**DATA RECORDS**
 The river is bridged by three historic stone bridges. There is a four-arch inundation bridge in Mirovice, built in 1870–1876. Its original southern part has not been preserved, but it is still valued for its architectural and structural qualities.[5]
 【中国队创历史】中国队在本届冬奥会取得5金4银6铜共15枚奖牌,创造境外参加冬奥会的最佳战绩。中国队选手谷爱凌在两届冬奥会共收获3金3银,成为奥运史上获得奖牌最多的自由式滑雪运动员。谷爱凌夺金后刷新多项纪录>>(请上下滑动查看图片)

==

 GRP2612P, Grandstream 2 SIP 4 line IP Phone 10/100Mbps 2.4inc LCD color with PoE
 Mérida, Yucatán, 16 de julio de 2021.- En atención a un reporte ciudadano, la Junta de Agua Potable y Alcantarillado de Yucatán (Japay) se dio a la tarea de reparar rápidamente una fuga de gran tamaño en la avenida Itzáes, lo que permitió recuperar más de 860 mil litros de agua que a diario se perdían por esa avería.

**EXERCISE AIM**
Each line in the listing above from the one containing "GRP2612P, Grandstream 2" through the one containing "Mérida, Yucatán, 16" should be repeated exactly, and no other line.

**RESPONSE TO THIS EXERCISE**
 GRP2612P, Grandstream 2 SIP 4 line IP Phone 10/100Mbps 2.4inc LCD color with PoE
 Mérida, Yucatán, 16 de julio de 2021.- En atención a un reporte ciudadano, la Junta de Agua Potable y Alcantarillado de Yucatán (Japay) se dio a la tarea de reparar rápidamente una fuga de gran tamaño en la avenida Itzáes, lo que permitió recuperar más de 860 mil litros de agua que a diario se perdían por esa avería.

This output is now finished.